▶ _TASK DETAILS_
Leaving the images aside, transcribe all the data below exactly.

▶ _SUPPLIED INFORMATION_
▼
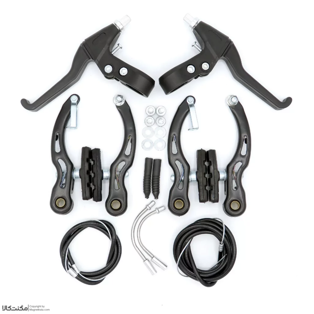 | اقلام همراه | 4 عدد پایه ترمز فلزی2 عدد خم ترمز4 عدد پیچ به همراه واشر2 عدد سیم با روکش2 عدد کت ترمز4 عدد لقمه ترمز |
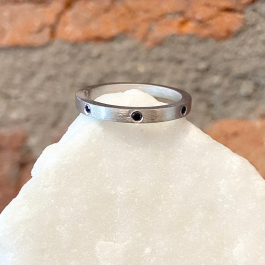 EYG Collection Rhodiumed Silver and Blue Sapphire Band
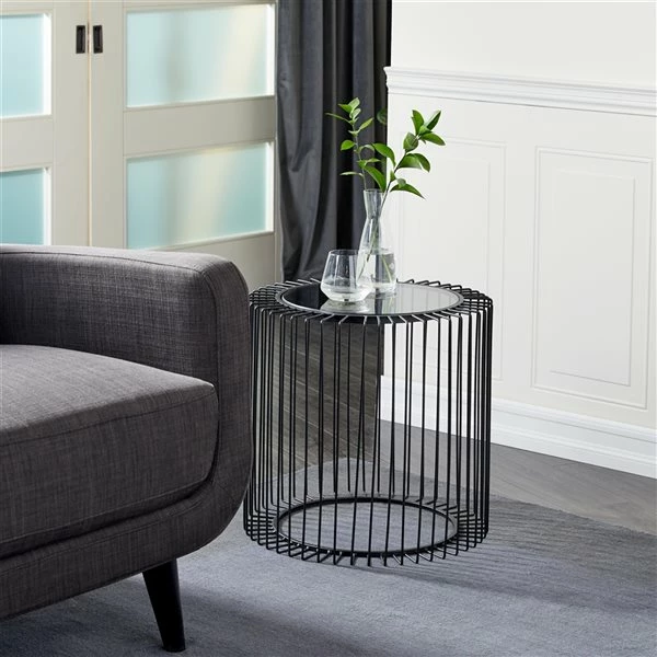 - This contemporary-themed side table highlights a charcoal black overall finish
▲
▶ _SOLUTION FOR THIS EXERCISE_
 | اقلام همراه | 4 عدد پایه ترمز فلزی2 عدد خم ترمز4 عدد پیچ به همراه واشر2 عدد سیم با روکش2 عدد کت ترمز4 عدد لقمه ترمز |
 EYG Collection Rhodiumed Silver and Blue Sapphire Band
 - This contemporary-themed side table highlights a charcoal black overall finish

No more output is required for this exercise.